There are no restrictions as to what the types the head and tail of a list cell can be. The system never checks it just does it. This what we have in 1 and 3 above where the tail of the last list cell (only list cell in 3) is not a list or [].
Sorry getting a bit over-didactic here.
EDIT: I see that I have already described this here: Functional Programming: what is an "improper list"?
In Erlang, all terms are represented by a compact pointer-like value called Eterm. It appears that list manipulation functions are implemented as type-agnostic.
Consider from this perspective: inside the erlang VM all Eterms are equal. The head and tail list manipulation operations are billed as being very fast. Since it takes several operations to evaluate the opaque Eterm type to determine whether or not it is a list, why bother?
The expected outcome in such a situation is an error, and you do get one. Eventually.
There's something to be said for trusting the programmer, and when dealing with an operation that adds several cycles and is used frequently, the potential benefit of ignoring a bad append stacks up, and the only penalty is a strange error.
I'm trying to be a good erlanger and avoid "++". I need to add a tuple to the end of a list without creating a nested list (and hopefully without having to build it backwards and reverse it).
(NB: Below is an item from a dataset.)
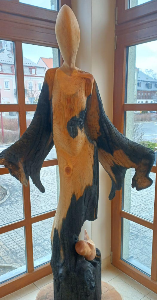
Statue aus Brandholz im Nationalparkzentrum in Krásná Lipá Socha z ohořelého dřeva v Centru národního parku v Krásné Lipě
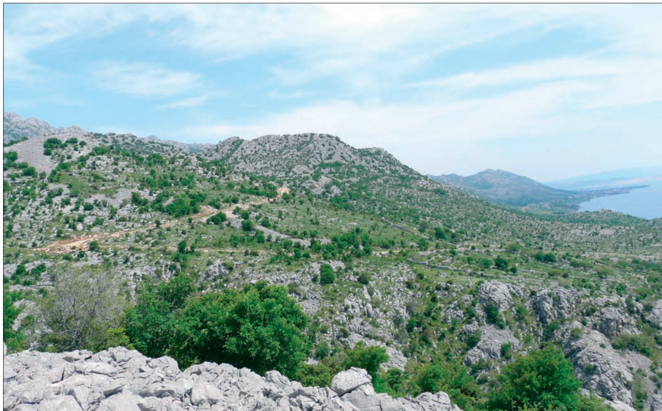
Sl. 1 Gradinsko naselje na lokalitetu Sveta Trojica, pogled sa zapada Fig. 1 Settlement on the Sveta Trojica hill-fort site, view from the west

2008. do 2010. godine kada je provedeno stručno rekonosiranje koje je rezultiralo izradom prve sustavne topografije spomenutog područja (Dubolnić 2008a: 502–504). 1 Na taj način započelo je stvaranje jasnije arheološke slike prostora koji se na prvi pogled čini potpuno napuštenim i nepristupačnim za život. Interes za Velebit i njegovu južnu padinu se nastavlja, a ovaj rad je jedan od doprinosa proučavanju spomenutog prostora.

Given tuple T and lists L0 and L1:
When I use [T|L0] I get [tuple,list0].
But when I use [L0|T], I get nested list [[list0]|tuple]. Similarly, [L0|L1] returns [[list0]|list1].
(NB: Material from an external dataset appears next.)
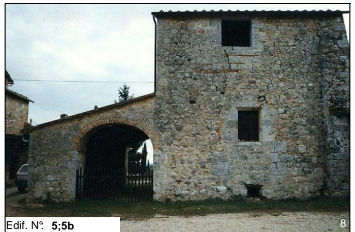
Edif. N° 5;5b

Removing the outside list brackets L0|[T] produces a syntax error.
Why is "|" not symmetric? Is there a way to do what I want using "|"?
| is not "symmetric" because a non-empty list has a head and a tail where the head is a single item and the tail is another list. In the expression [foo | bar] foo denotes the head of the list and bar is the tail. If the tail is not a proper list, the result won't be a proper list either. If the head is a list, the result will simply be a list with that list as its first element.
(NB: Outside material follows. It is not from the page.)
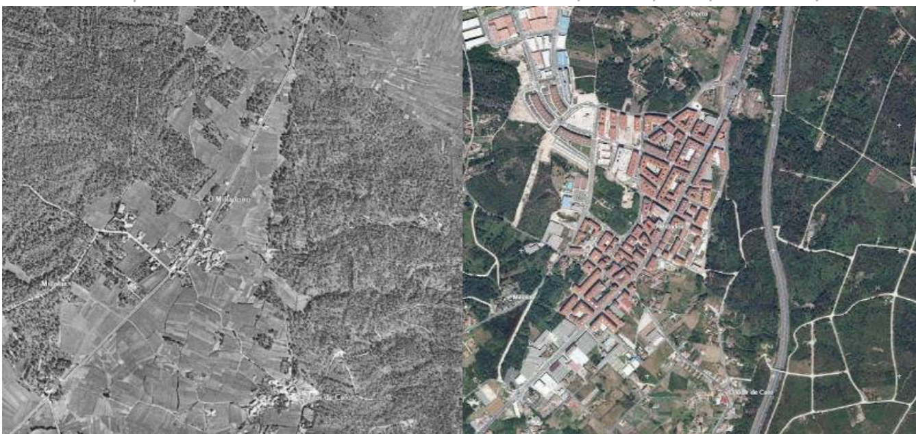
Ortofoto de O Milladoiro perteneciente al vuelo americano de 1956 frente a la imagen de satélite del 2009. 9

mejores de los que se construyen posteriormente haciendo que la ciudad pierda valor e interés para que algunos ganen dinero. Además el fenómeno de la especulación es contagioso, cuando el propietario de un hermoso inmueble (de arquitectura tradicional, o modernista, o racionalista ... que riqueza tenían los centros históricos y que poco les queda) de la coruñesa calle de San Andrés vende su parcela para que construyan en ella

There is no way to append at the end of a linked list in less than O(n) time. This is why using ++ for that is generally shunned. If there were special syntax to append at the end of the list, it would still need to take O(n) time and using that syntax wouldn't make you any more of a "good erlanger" than using ++ would.
If you want to avoid the O(n) cost per insertion, you'll need to prepend and then reverse. If you're willing to pay the cost, you might just as well use ++.
A little more detail on how lists work:
[ x | y ] is something called a cons cell. In C terms it's basically a struct with two members. A proper list is either the empty list ([]) or a cons cell whose second member is a proper list (in which case the first member is called its head, and the second member is called its tail).
So when you write [1, 2, 3] this creates the following cons cells: [1 | [2 | [3 | []]]]. I.e. the list is represented as a cons cell whose first member (its head) is 1 and the second member (the tail) is another cons cell. That other cons cell has 2 as its head and yet another cons cell as its tail. That cell has 3 as its head and the empty list as its tail.
Traversing such a list is done recursively by first acting on the head of the list and then calling the traversal function on the tail of the list.
Now if you want to prepend an item to that list, this is very easy: you simply create another cons cell whose head is the new item and whose tail is the old list.
Appending an item however is much more expensive because creating a single cons cell does not suffice. You have to create a list that is the same as the old one, except the tail of the last cons cell must be a new cons cell whose head is the new element and whose tail is the empty list. So you can't append to a list without going through the whole list, which is O(n).